- Messina in 1960s

Background information
- Birth name: Joseph Lucian Messina
- Born: December 13, 1928 Detroit, Michigan, U.S.
- Died: April 4, 2022 (aged 93) Northville, Michigan, U.S.
- Genres: R&B; soul; jazz;
- Occupation: Musician
- Instruments: Guitar
- Formerly of: The Funk Brothers

= Joe Messina =

American guitarist (1928–2022)

Joseph Lucian Messina (December 13, 1928 – April 4, 2022) was an American guitarist. Dubbed the "white brother with soul", he was one of the most prolific guitarists in Motown Records' in-house studio band, the Funk Brothers.

==Early life==
Messina was born in Detroit on December 13, 1928. He started playing the guitar when he was thirteen, after his father purchased one for him. Messina initially attended Central High School in his hometown, before studying music at Cass Technical High School. He eventually dropped out to focus on becoming a professional musician.

==Career==
Messina first played in jazz clubs in Detroit starting in the late 1940s. By his mid-twenties, he was playing in the ABC Television studio band, accompanying such guests as Sonny Stitt, Charlie Parker, Stan Getz, Jack Teagarden, Lee Konitz, Jimmy Giuffre, Pepper Adams, Donald Byrd, Frank Rosolino, and Dizzy Gillespie. Also while at ABC, Messina played on The Soupy Sales Show, alongside guests such as Miles Davis and Charlie Parker.

In 1958, Motown Records founder Berry Gordy recruited Messina for his Hitsville U.S.A. studio musicians group, known as The Funk Brothers. In the 1960s and early 1970s, they recorded the instrumentals for hundreds of Motown hit records. During this time, Messina worked with performers such as Diana Ross & the Supremes, the Temptations, Marvin Gaye, the Four Tops, Stevie Wonder, and Smokey Robinson & the Miracles. Among the many Motown hits Messina played on are "Dancing in the Street" (Martha & the Vandellas, 1964), "I Can't Help Myself (Sugar Pie Honey Bunch)" (Four Tops, 1965), and "Your Precious Love" (Marvin Gaye & Tammi Terrell, 1967). Messina stopped playing guitar for 30 years after Berry Gordy took his Motown operation to Los Angeles in 1972, explaining how he "just had no interest".

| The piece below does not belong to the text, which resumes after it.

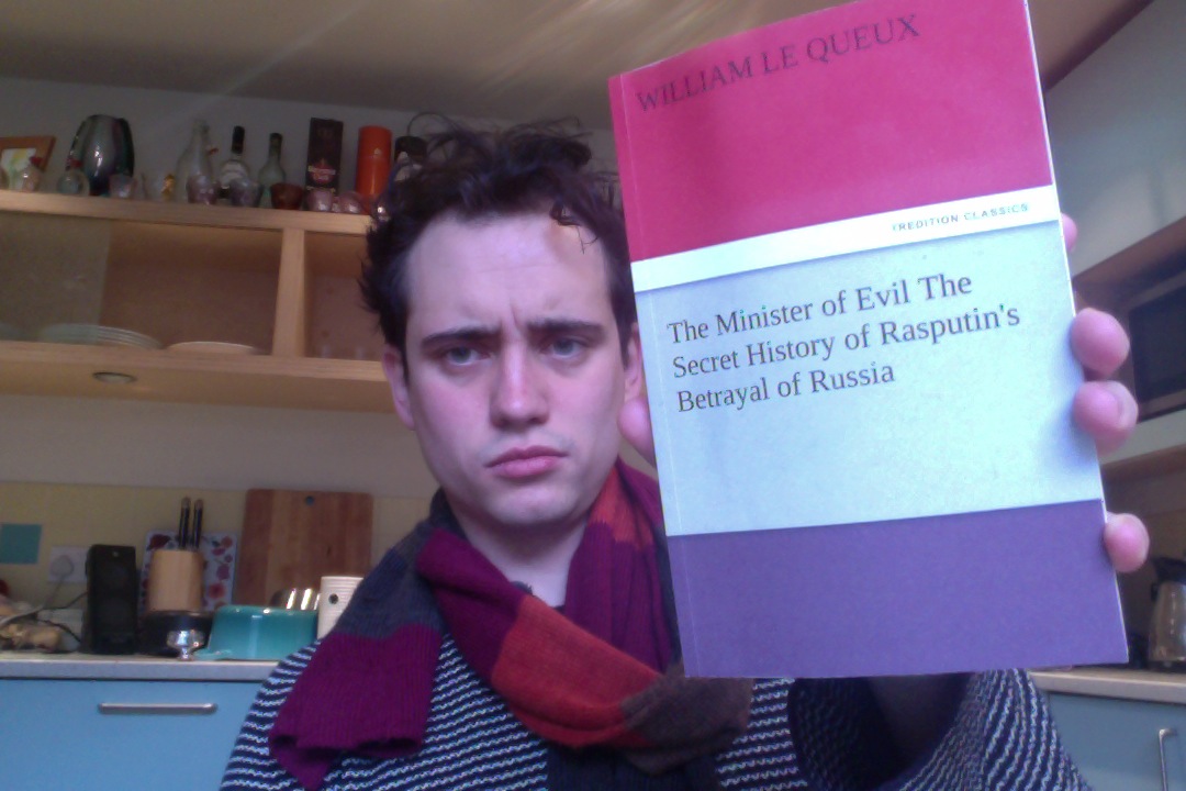The Minister of Evil: The Secret History of Rasputin’s Betrayal of Russia is a very strange book. I read it because I’m researching Rasputin with the intention of writing some kind of disco-inspired novel about the man over the course of 2015.* I’ve read lots of books about him and disco already, closeted away in the British Library, so by now I have a pretty good idea of the basic facts of the man’s life, but also of the various rumours that different factions spread about him. His followers believed him sent from God, able to heal sick and see the future, whilst his enemies publicised the fact that he was a hard-drinking womaniser (which was kind of true), but also that he was a corrupt, spying, avaricious, traitorous mastermind who tricked and coerced the Emperor into placing the governance of Russia into his hands. Some went even further and said that Rasputin wanted control of the world, which he saw as achievable by assisting Germany to win the First World War and then worm his way into power of a Europe-wide state. This is what William Le Queux’s The Minister of Evil is about.

Messina was the creator of an alternative music technique known as the Interval Study Method, which uses the chromatic and diatonic scales to create music. He continued to reside in Detroit until his death, where he performed as a jazz musician for a number of years. On March 21, 2013, The Funk Brothers were awarded a star on the Hollywood Walk Of Fame. The Funk Brothers were also the subject of the 2002 documentary Standing in the Shadows of Motown, in which Messina appeared extensively.

==Personal life==
Messina was married to wife Josie who died in 2009. The couple had two children: Joel and Janice.

Messina died on April 4, 2022, at age 93 at his son's home in Northville, Michigan. He suffered from kidney disease during the last twelve years of his life.